▶ [Your instructions]:
Among the entries below, retype exactly the lines starting with the one with "An Austrian Guilloché Enamel Silver Clock" and going on through the one with "Он отметил, что", but not the pictures.

▶ [Exercise input]:

+ + + + + + +

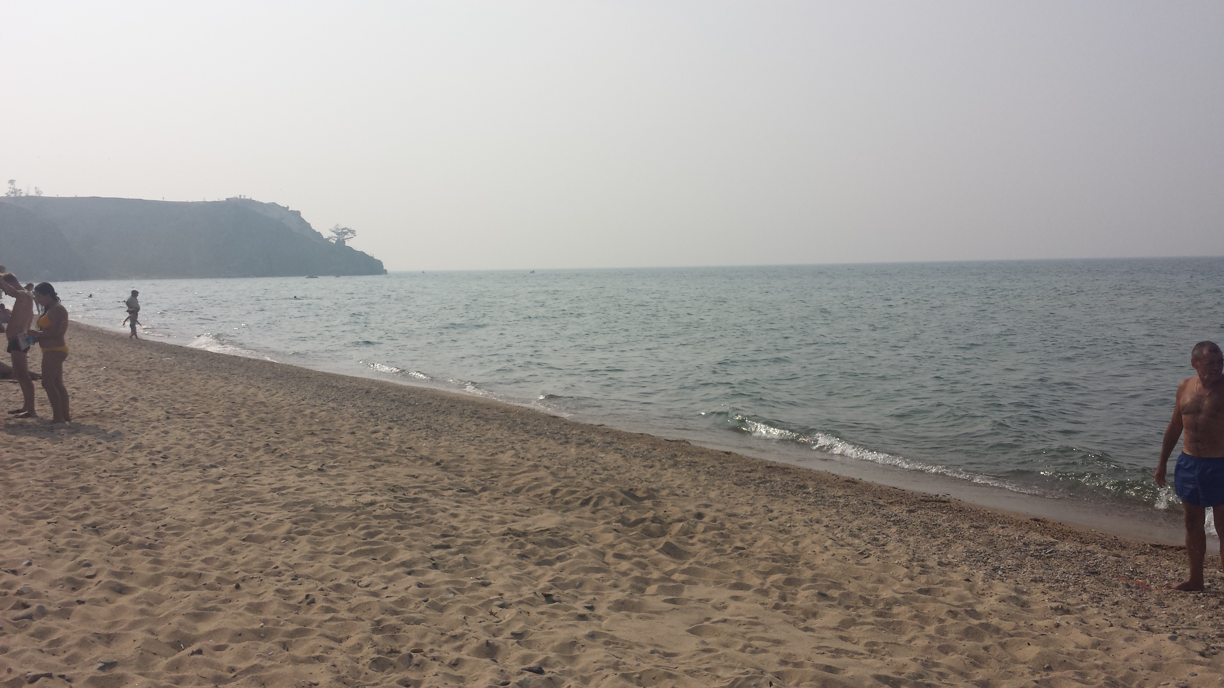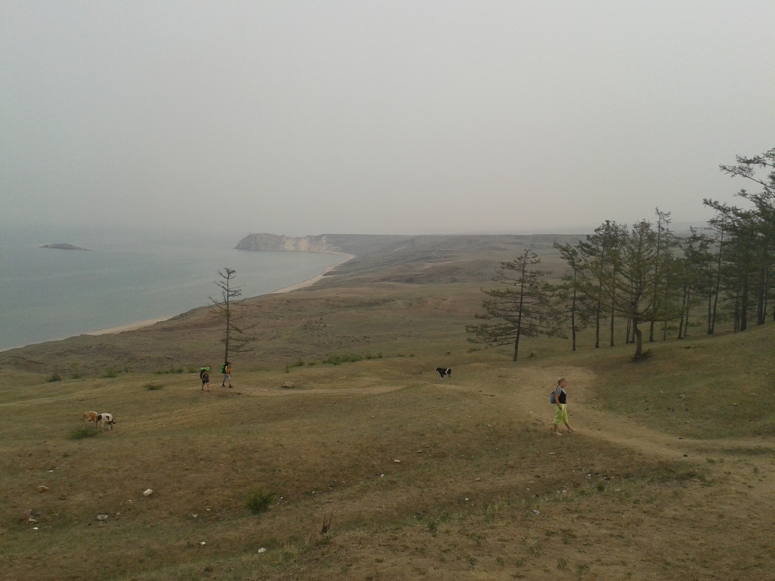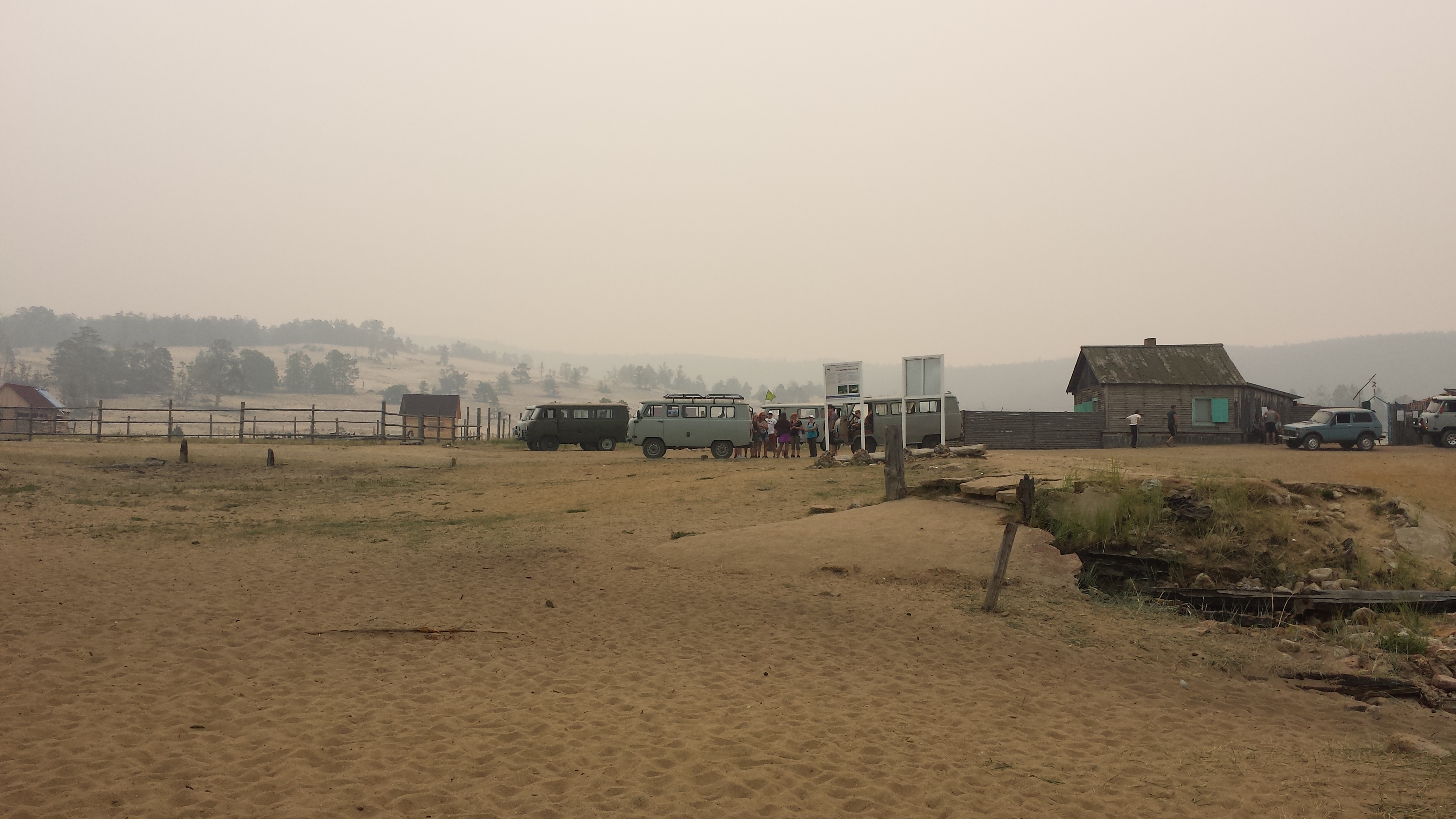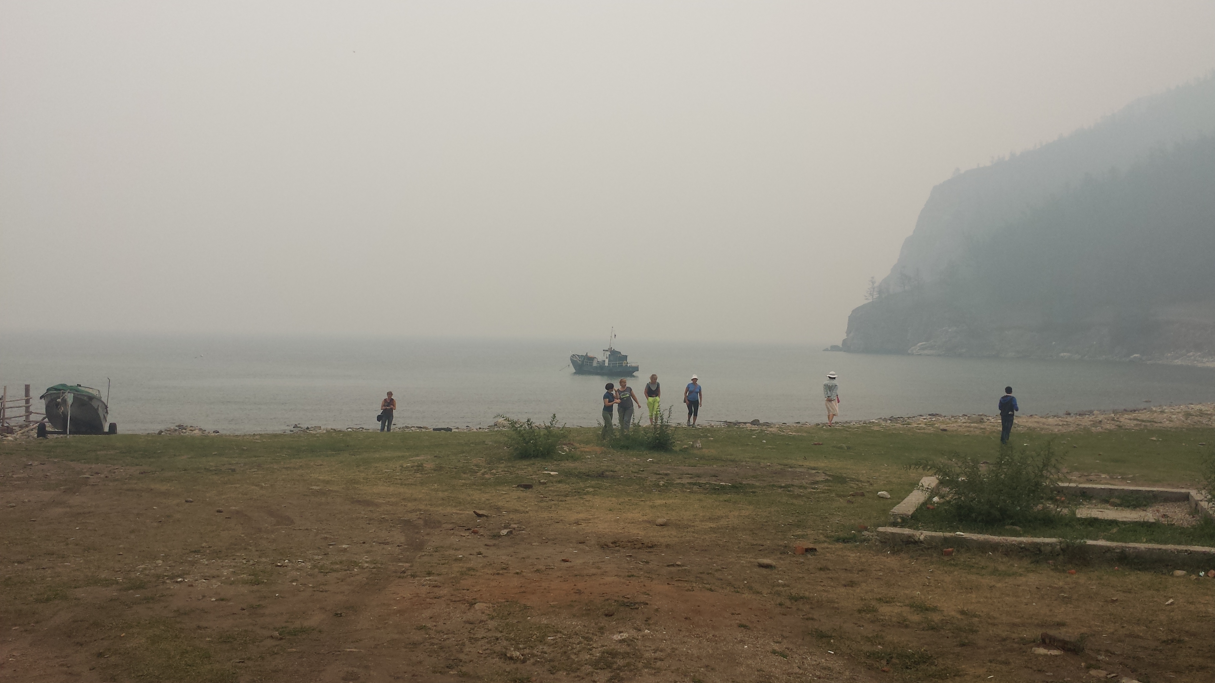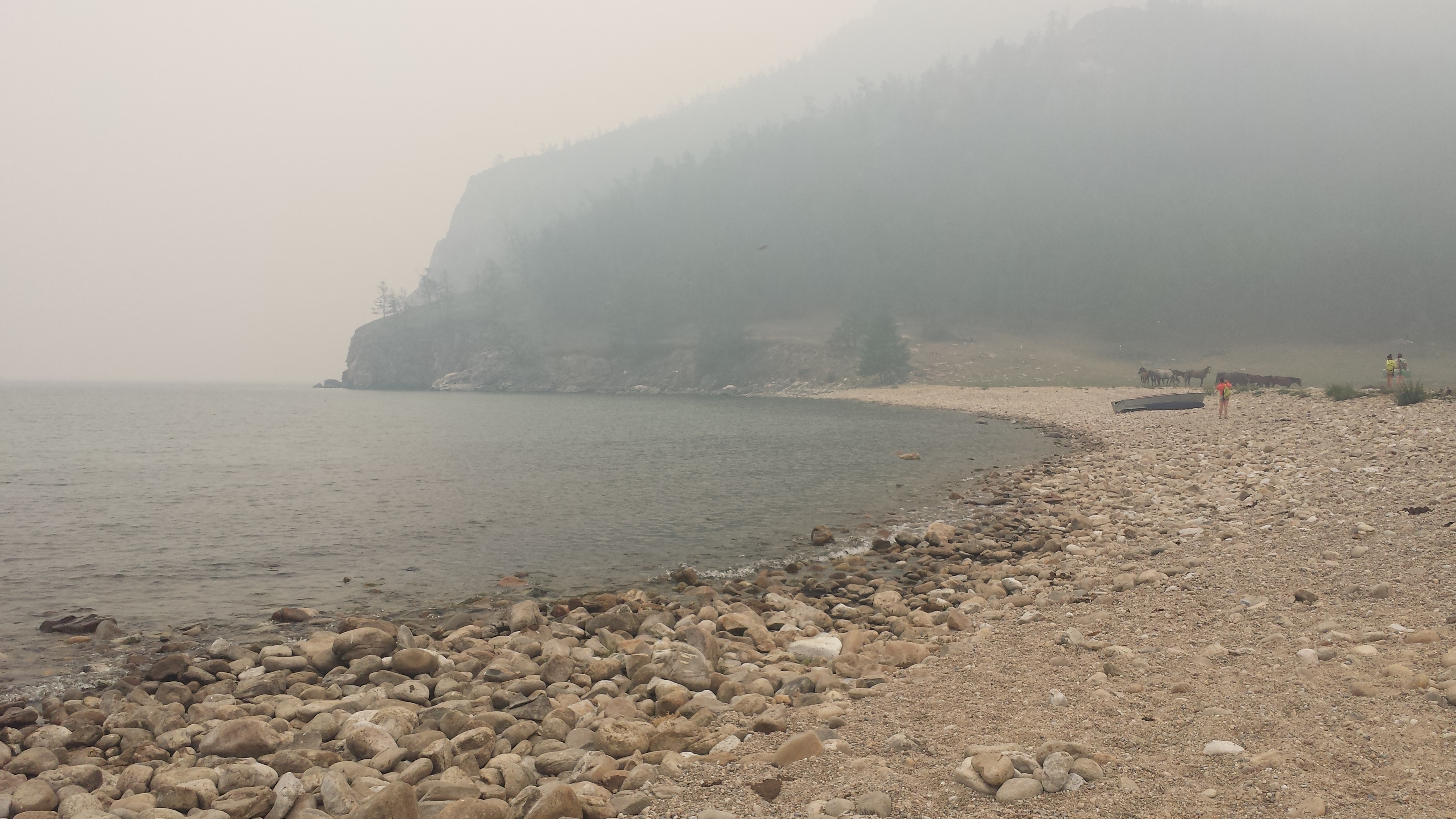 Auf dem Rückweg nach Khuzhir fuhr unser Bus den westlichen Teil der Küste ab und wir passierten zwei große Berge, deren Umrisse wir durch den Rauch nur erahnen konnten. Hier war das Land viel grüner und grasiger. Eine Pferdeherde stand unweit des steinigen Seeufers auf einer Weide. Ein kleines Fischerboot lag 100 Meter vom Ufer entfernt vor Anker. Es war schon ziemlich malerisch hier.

+ + + + + + +

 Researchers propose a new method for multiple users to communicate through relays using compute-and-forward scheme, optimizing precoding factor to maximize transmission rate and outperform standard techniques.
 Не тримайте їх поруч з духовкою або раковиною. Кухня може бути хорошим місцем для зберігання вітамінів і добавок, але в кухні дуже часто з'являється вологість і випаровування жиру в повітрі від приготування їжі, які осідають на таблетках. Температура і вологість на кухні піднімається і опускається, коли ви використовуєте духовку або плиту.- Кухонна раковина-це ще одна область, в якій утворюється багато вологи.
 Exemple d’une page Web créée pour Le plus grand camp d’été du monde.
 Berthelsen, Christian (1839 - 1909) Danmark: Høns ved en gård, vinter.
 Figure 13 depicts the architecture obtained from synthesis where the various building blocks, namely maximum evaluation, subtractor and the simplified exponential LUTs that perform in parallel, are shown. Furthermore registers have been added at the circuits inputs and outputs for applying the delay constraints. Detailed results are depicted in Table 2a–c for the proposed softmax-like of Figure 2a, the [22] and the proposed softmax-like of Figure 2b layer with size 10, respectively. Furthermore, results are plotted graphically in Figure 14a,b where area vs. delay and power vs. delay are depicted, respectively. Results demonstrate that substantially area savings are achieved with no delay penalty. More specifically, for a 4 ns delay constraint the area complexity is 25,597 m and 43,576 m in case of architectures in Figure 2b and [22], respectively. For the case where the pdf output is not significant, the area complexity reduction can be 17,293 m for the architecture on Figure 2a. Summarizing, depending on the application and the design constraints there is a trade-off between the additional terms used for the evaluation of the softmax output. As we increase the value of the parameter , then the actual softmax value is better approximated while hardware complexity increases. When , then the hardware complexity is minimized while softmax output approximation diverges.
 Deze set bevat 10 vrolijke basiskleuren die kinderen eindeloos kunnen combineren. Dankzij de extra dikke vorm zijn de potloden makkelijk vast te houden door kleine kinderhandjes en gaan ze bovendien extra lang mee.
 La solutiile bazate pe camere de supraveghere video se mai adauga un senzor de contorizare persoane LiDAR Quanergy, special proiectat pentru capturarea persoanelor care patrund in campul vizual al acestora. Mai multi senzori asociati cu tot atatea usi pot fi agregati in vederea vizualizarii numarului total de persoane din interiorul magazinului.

+ + + + + + +

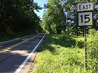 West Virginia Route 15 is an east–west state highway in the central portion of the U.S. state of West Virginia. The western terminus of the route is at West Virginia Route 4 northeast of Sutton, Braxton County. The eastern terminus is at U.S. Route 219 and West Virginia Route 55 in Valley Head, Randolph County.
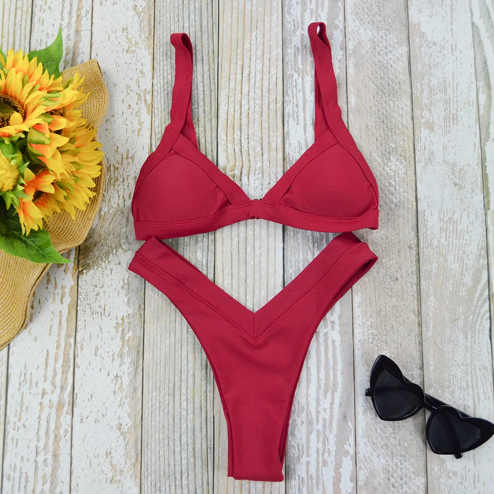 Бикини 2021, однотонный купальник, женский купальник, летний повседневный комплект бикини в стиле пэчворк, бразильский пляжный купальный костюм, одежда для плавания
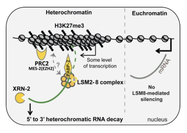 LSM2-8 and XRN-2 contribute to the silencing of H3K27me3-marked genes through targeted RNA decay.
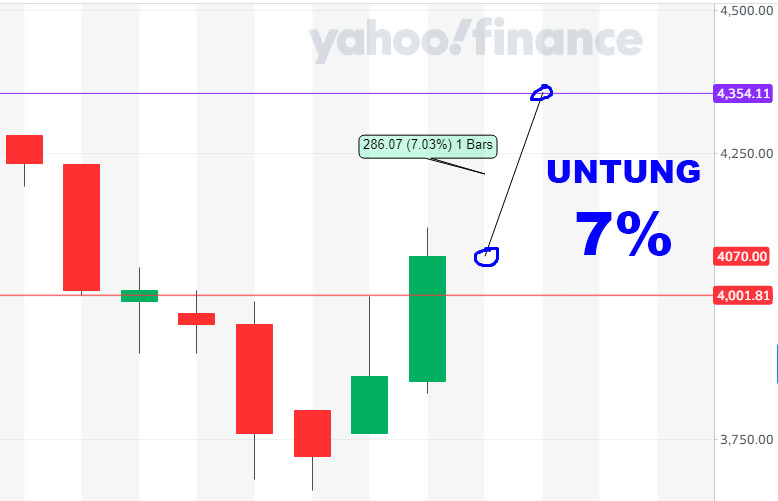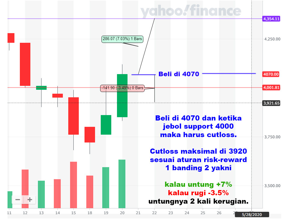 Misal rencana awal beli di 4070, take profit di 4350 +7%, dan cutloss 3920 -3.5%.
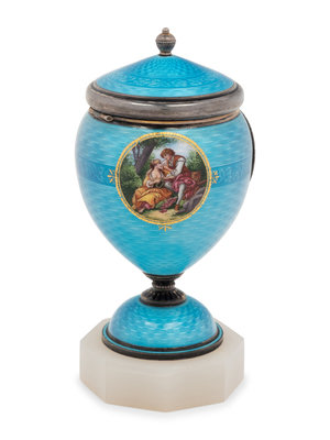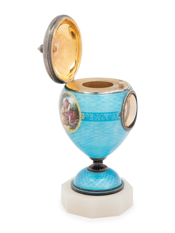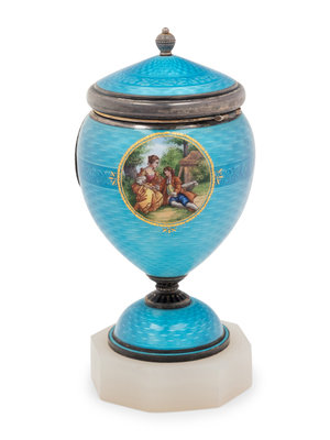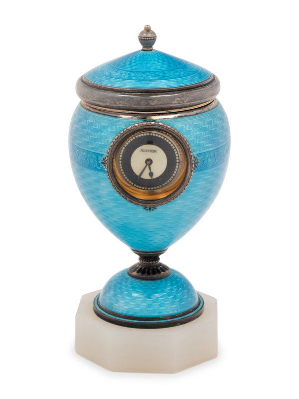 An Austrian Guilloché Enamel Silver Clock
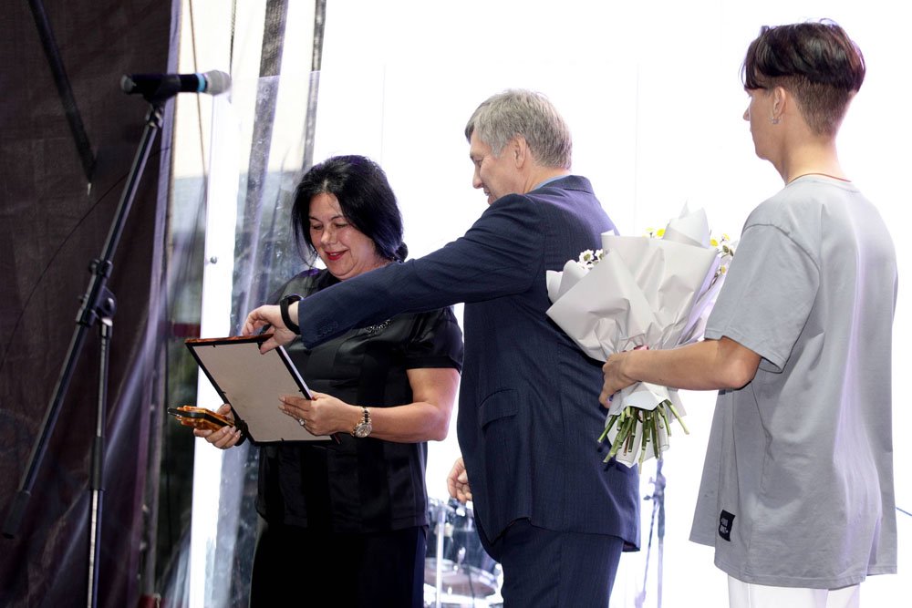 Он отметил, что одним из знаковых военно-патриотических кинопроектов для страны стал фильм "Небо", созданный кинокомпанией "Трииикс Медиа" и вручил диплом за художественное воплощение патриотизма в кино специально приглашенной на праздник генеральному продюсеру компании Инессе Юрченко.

+ + + + + + +

▶ [Answer]:
 An Austrian Guilloché Enamel Silver Clock
 Он отметил, что одним из знаковых военно-патриотических кинопроектов для страны стал фильм "Небо", созданный кинокомпанией "Трииикс Медиа" и вручил диплом за художественное воплощение патриотизма в кино специально приглашенной на праздник генеральному продюсеру компании Инессе Юрченко.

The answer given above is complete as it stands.